Task » What needs reproducing is the run of lines in the data below starting at the line with "Este proyecto desarrolla" and ending at the line with "Gozeal Longsleeve Rugby", both ends included. Copy it exactly, without pictures, and add nothing.

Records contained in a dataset
+--

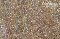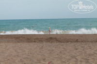 На пляже зонтики, шезлонги, есть бар. Вход в море пологий, мелкая галька и песок.
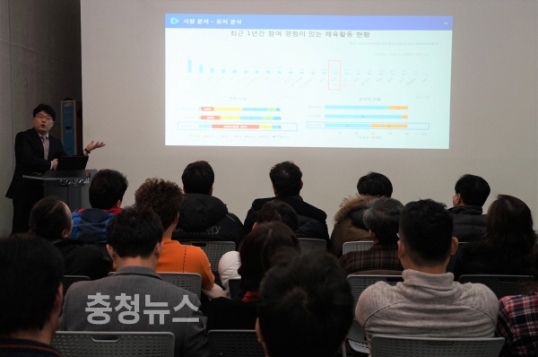 (주)뉴딘이 자체 개발한 스크린볼링 시스템인 '뉴딘VR볼링' 시연회에서 윤정훈 사업부장이 참석한 예비창업자들에게 국내 볼링 산업 현황과 '뉴딘VR볼링' 사업 전망에 대해 소개하고 있다
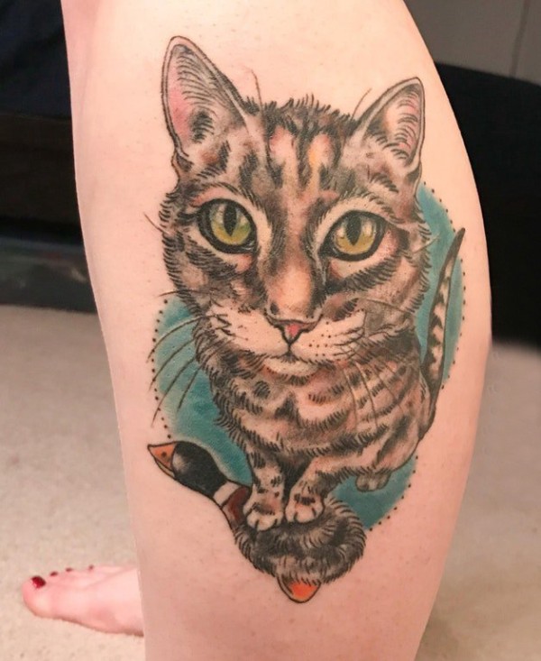 小猫咪纹身 女生小腿上彩绘的猫咪纹身图片
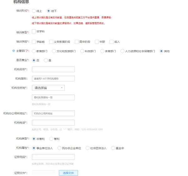 4、接下来用户需要完善机构信息,填写关于机构的培训形式,培训类型,主管部门等基本信息。
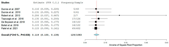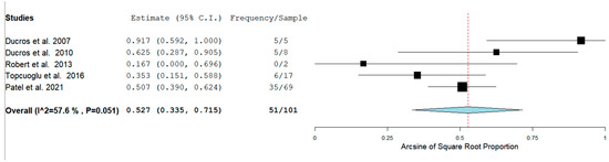 Considering just the postpartum females, Ducros et al. found no significant higher incidence of H-RCVS (19% vs. 9%) [12]. However, Patel et al. and Topcuoglu et al. found a similar incidence of H-RCVS in the postpartum period [14,17]. In our pooled analysis, we found a rate of 9.58% of H-RCVS in the PP sample.
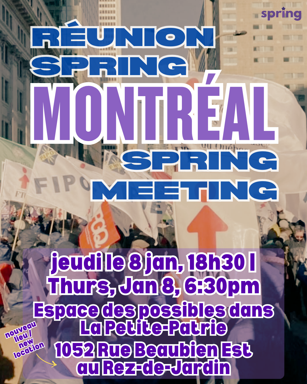 *La version française suit.* Are you a socialist in the Montréal area looking to get organized? Spring is organizing our first ever meeting in Montréal/Tiohtià:ke!...
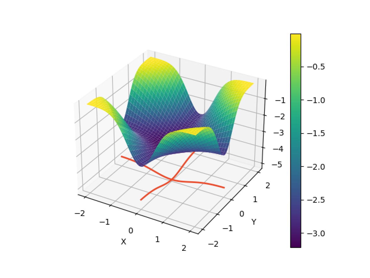 This confirms that the local geography of the loss landscape around models with multiple generalizations can look like a collection of sloped canyons converging towards a single basin. Near the basin is a "phase transition" phenomenon where the canyons stop being local minima and instead flow into a larger quadratic basin. A simplified version of the loss landscape looks like the following graph.
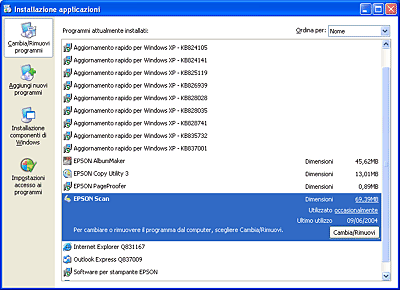 Selezionare EPSON Scan dall'elenco, quindi fare clic su Cambia/Rimuovi (Windows XP o 2000) o su Aggiungi/Rimuovi (Windows Me o 98 SE).
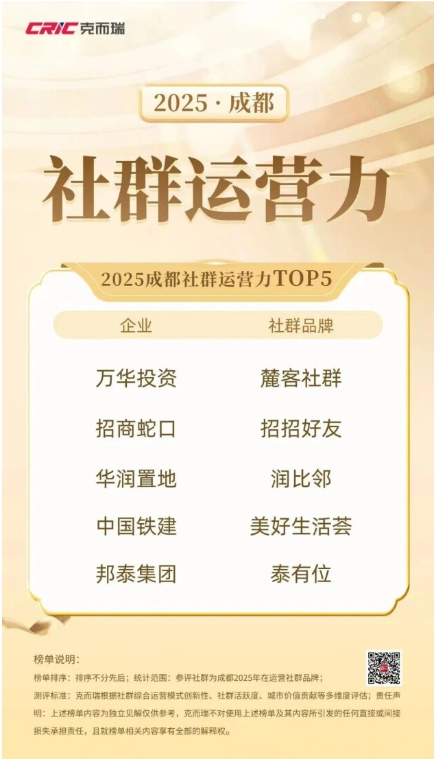 邦泰集團(tuán)品牌價(jià)值的構(gòu)建,還體現(xiàn)在其社區(qū)服務(wù)創(chuàng)新上。“泰有位”社群體系致力于營造“邦泰沒有陌生人”的社區(qū),自2024年成立以來,成功孵化400余個(gè)社群組織,累計(jì)發(fā)起1000余場社群活動(dòng),不僅提升了業(yè)主滿意度與品牌美譽(yù)度,更助力在售項(xiàng)目的客戶轉(zhuǎn)化,實(shí)現(xiàn)了“口碑與業(yè)績”的雙豐收,也讓邦泰斬獲“2025 成都社群運(yùn)營力 TOP5”榮譽(yù)。
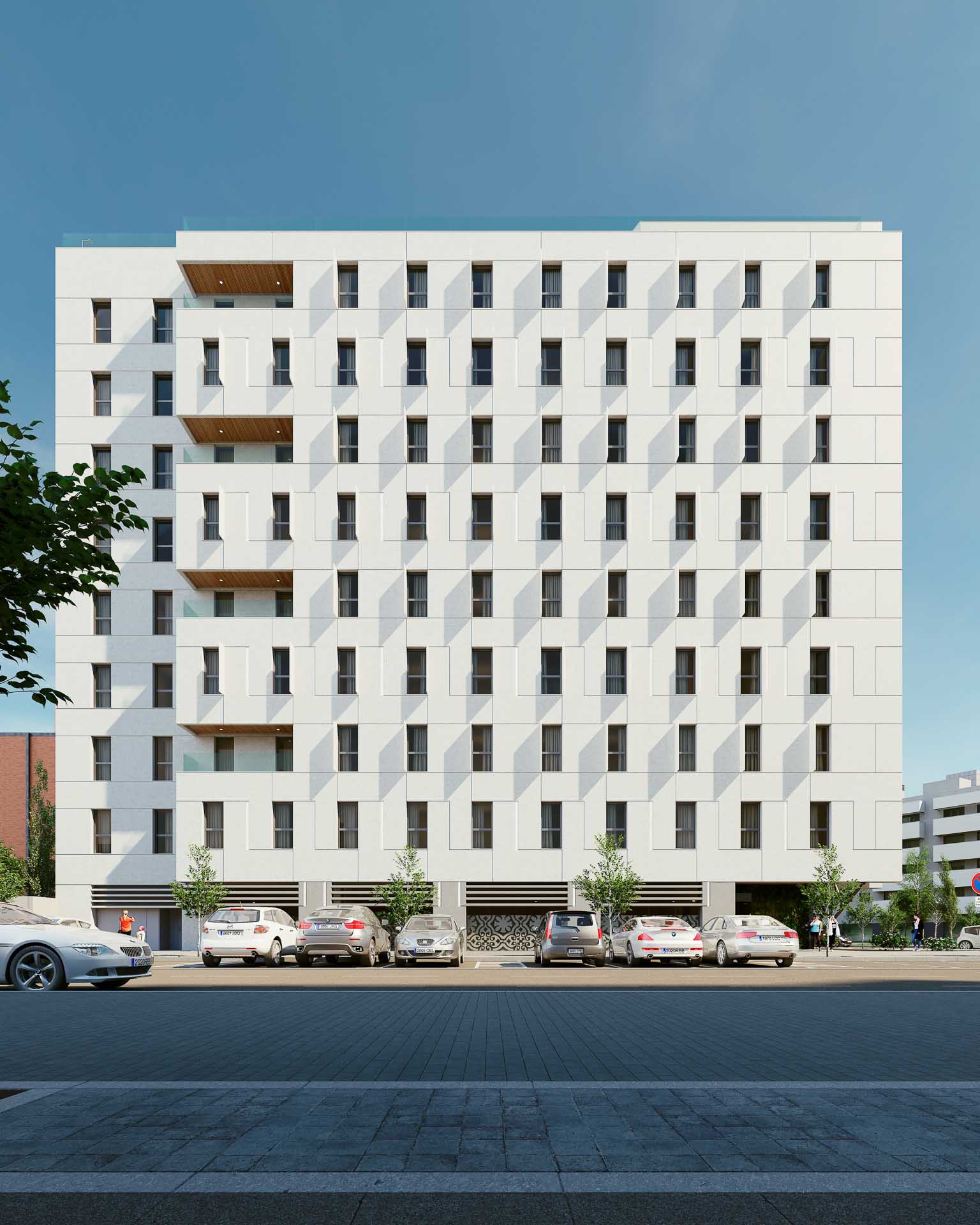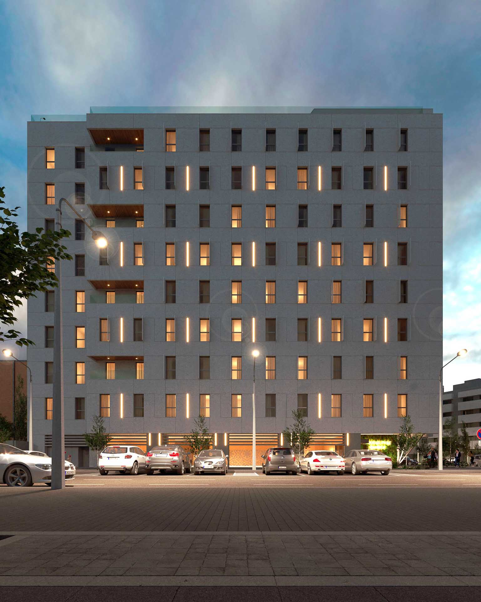 Este proyecto desarrolla un hotel de 4 estrellas en un enclave urbano estratégico, en una parcela en esquina que permite una implantación con doble fachada diferenciada y un patio interior estructurador. El edificio se organiza en torno a un núcleo central de comunicaciones y dos escaleras laterales, con acceso principal en ménsula que refuerza la singularidad del volumen. El patio interior, además de aportar luz y ventilación natural, actúa como filtro visual y ambiental, ocultando elementos técnicos del entorno y generando una conexión visual con la ciudad desde las zonas comunes superiores.
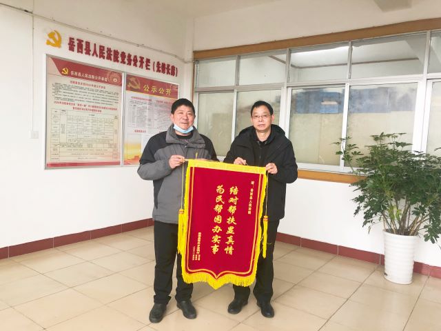 1月26日,岳西县青天乡老鸭村党支部书记熊寿青来到岳西县人民法院,送上“结对帮扶显真情 为民帮困办实事”的锦旗,代表村两委及群众感谢县法院支持该村发展。
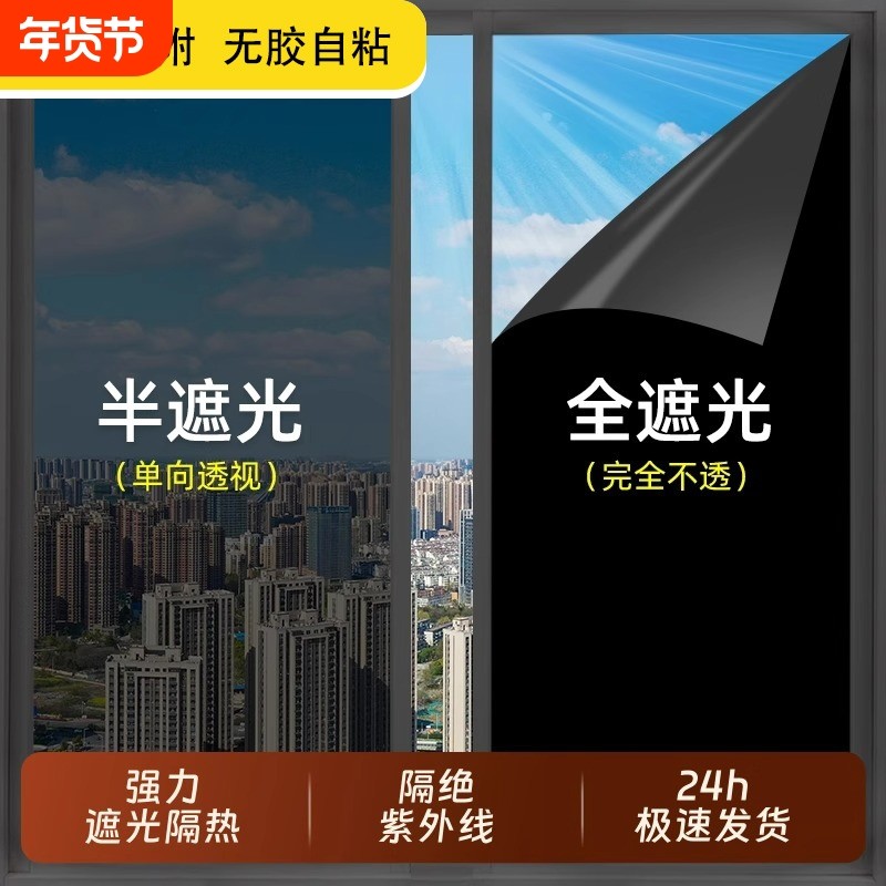 全遮光玻璃贴纸防晒隔热黑色窗户贴膜遮阳防窥视防走光单向隐私
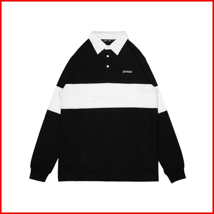 Gozeal Longsleeve Rugby Charlotte Kaos Polo Shirt Lengan Panjang Pria Wanita Unisex Kaos Polo Berkerah Katun
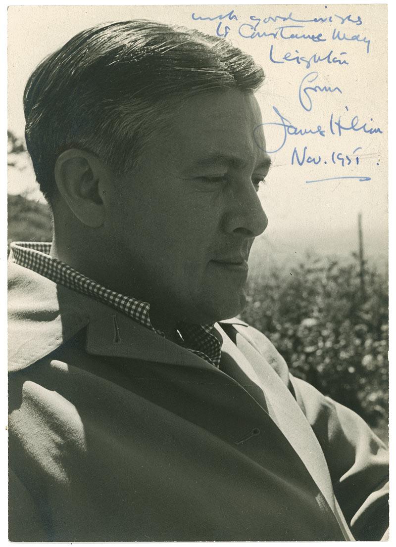 Oscar-winning English novelist (1900-1954) whose works include Lost Horizon and Goodbye Mr. Chips. Vintage matte-finish 4.75 x 6.75 portrait of Hilton in a relaxed pose, signed and inscribed in blue fountain pen “With good wishes to Christine May Leighton from James Hilton, Nov. 1951.” In fine condition, with light silvering to some of the darker areas of the image. RRAuction COA.
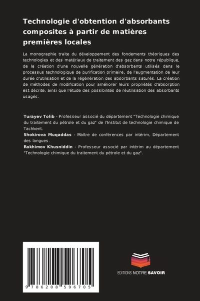 La monographie traite du développement des fondements théoriques des technologies et des matériaux de traitement des gaz dans notre république, de la création d'une nouvelle génération d'absorbants utilisés dans le processus technologique de purification primaire, de l'augmentation de leur durée d'utilisation et de la régénération des absorbants saturés. La création de méthodes de modification pour améliorer leurs propriétés d'absorption est décrite, ainsi que l'étude des possibilités de réutilisation des absorbants usagés.
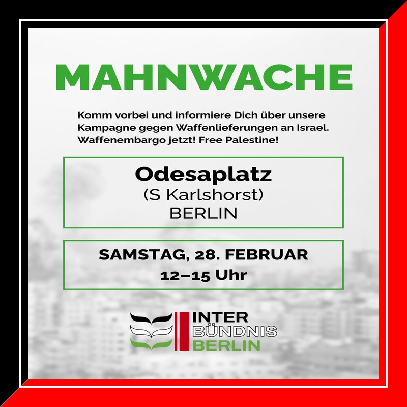 Veranstaltungskalender Kategorie: General Mahnwache - Komm vorbei und informiere Dich über unsere Kampagne gegen Waffenlieferungen an Israel. 12:00 – 15:0028. Februar 2026 BerlinVeranstaltungsort anschauen Kompletten Kalender ansehen
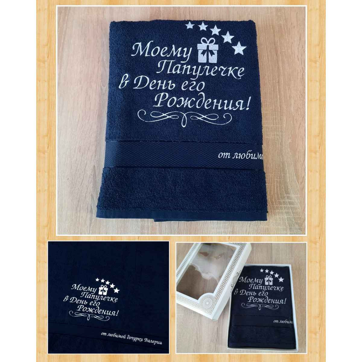 Іменний банний рушник бавовна 70х140см Папуле в День народження синій
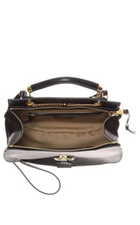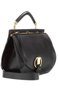 Goldie shoulder bag. Detachable, adjustable shoulder strap Zipped top Front flap pocket Back slot pocket Calf leather Fabric lining Internal zipped pocket Height 23cm-9" Max. width 32cm-12.5" Depth 12cm-4.5" Min. length shoulder strap 50cm-19.5" Max. length shoulder strap 110cm-43.5" Made in Italy

+--

Exercise result »
 Este proyecto desarrolla un hotel de 4 estrellas en un enclave urbano estratégico, en una parcela en esquina que permite una implantación con doble fachada diferenciada y un patio interior estructurador. El edificio se organiza en torno a un núcleo central de comunicaciones y dos escaleras laterales, con acceso principal en ménsula que refuerza la singularidad del volumen. El patio interior, además de aportar luz y ventilación natural, actúa como filtro visual y ambiental, ocultando elementos técnicos del entorno y generando una conexión visual con la ciudad desde las zonas comunes superiores.
 1月26日,岳西县青天乡老鸭村党支部书记熊寿青来到岳西县人民法院,送上“结对帮扶显真情 为民帮困办实事”的锦旗,代表村两委及群众感谢县法院支持该村发展。
 全遮光玻璃贴纸防晒隔热黑色窗户贴膜遮阳防窥视防走光单向隐私
 Gozeal Longsleeve Rugby Charlotte Kaos Polo Shirt Lengan Panjang Pria Wanita Unisex Kaos Polo Berkerah Katun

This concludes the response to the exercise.